While most adrenal incidentalomas are benign and asymptomatic, further diagnostic workup is often necessary to rule out malignancy and assess hormonal activity. Imaging characteristics, such as size, density on CT scans and contrast enhancement patterns, help differentiate between benign and malignant lesions. Hormonal testing is also important, as functional tumors may lead to significant clinical symptoms, particularly in cases of adrenal adenomas secreting cortisol or aldosterone.

Bilateral adrenal masses

The discovery of bilateral adrenal masses is much less common than unilateral masses and the differential diagnosis for bilateral adrenal masses is broader. In the case of unilateral masses, the most likely diagnoses are benign adrenocortical adenomas, pheochromocytomas or myelolipomas. However, when the masses are bilateral, the possibility of malignancy or tumor susceptibility syndromes increases significantly. Bilateral adrenal masses are often associated with conditions such as metastases from other malignancies (e.g., lung cancer, breast cancer), lymphoma or genetic syndromes like Li-Fraumeni syndrome or Beckwith-Wiedemann syndrome. Moreover, bilateral adrenal masses are more likely to be associated with hormonal disturbances. One of the most common hormonal disorders seen in patients with bilateral adrenal masses is Mild Autonomous Cortisol Secretion (MACS). MACS is a form of subclinical hypercortisolism in which the adrenal glands produce excess cortisol without the typical clinical manifestations of Cushing’s syndrome. Although patients with MACS may not present with overt symptoms, the excess cortisol production can still have significant long-term effects, including increased risks for cardiovascular and metabolic diseases, such as hypertension, diabetes and osteoporosis.
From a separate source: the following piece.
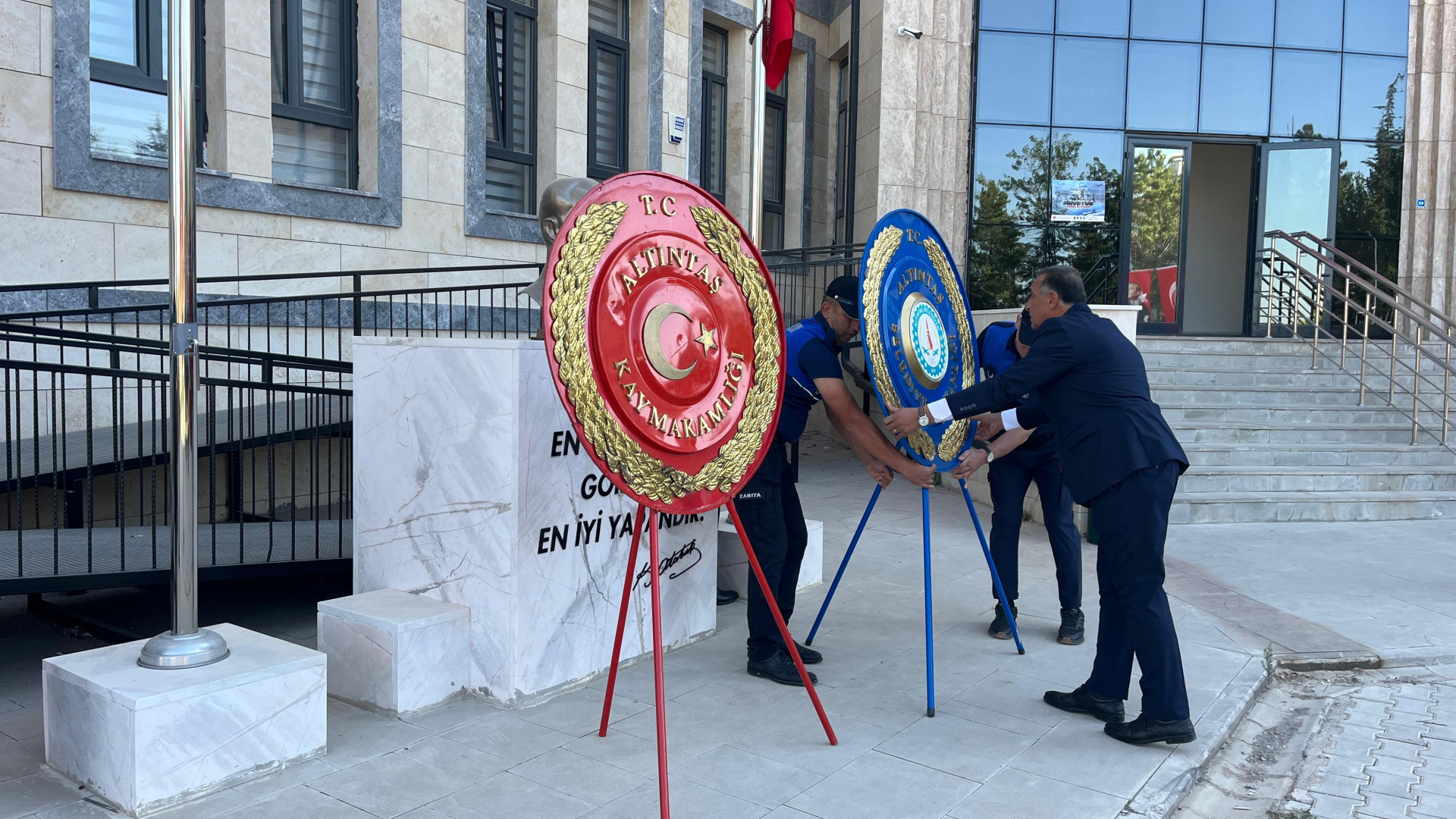 Başkanımız Sayın Hikmet Tunç; Kaymakam Vekilimiz Sayın Alperen Teltik, Cumhuriyet Başsavcısı Sayın Memduh Ömür Harput, MHP İlçe Başkanımız Sayın Ramazan Yurt, MHP İl Genel Meclis Üyesi Sayın Ömür Eldiven ve protokol üyelerinin katılımlarıyla gerçekleşen, 30 Ağustos Zafer Bayramını kutlamaları kapsamında, hükümet konağı Atatürk Anıtının ardından Kırık Kağnı ve Üç Komutan Anıtı, Yüzbaşı Şekip…

In some cases, the presence of MACS in patients with bilateral adrenal masses may necessitate surgical intervention. While surgery is not always required for benign unilateral adrenal tumors, bilateral adrenal masses with hormonal secretion or signs of malignancy may cause more aggressive approach, including adrenalectomy or other therapies. The decision to proceed with surgery depends on the size of the masses, their appearance on imaging studies, the patient's clinical presentation and the potential for malignancy.

Management and surveillance

For patients with incidental unilateral adrenal masses, management often involves surveillance with repeat imaging and hormonal evaluation. If the mass is small, non-functional and asymptomatic, the patient may not require any immediate intervention. However, if the mass is large, functional or shows signs of malignancy, further evaluation, including biopsy or surgical removal, may be necessary.

In contrast, the management of bilateral adrenal masses is more complex. Given the increased likelihood of malignancy and the association with hormonal imbalances such as MACS, these patients typically require more complete evaluation. Hormonal assays, including measurement of cortisol and aldosterone levels, as well as imaging studies to assess for signs of malignancy, are important in guiding management. If the masses are found to be hormone-secreting or malignant, surgical intervention may be required to alleviate symptoms or prevent disease progression.

Conclusion

Adrenal incidentalomas are common findings in individuals over the age of 60 and most of these masses are benign and hormonally silent. However, the discovery of bilateral adrenal masses presents a more complex clinical scenario, often involving a differential diagnosis that includes malignancy and tumor susceptibility syndromes. The presence of Mild Autonomous Cortisol Secretion (MACS) in patients with bilateral adrenal masses further complicates management, as this condition may increase the risk of cardiovascular and metabolic comorbidities. Early detection and careful monitoring through imaging and hormonal testing are essential to distinguish between benign and malignant lesions and in some cases, surgical intervention may be assurance. Given the growing incidence of adrenal incidentalomas, a detailed approach to diagnosis and management is important in ensuring optimal outcomes for patients.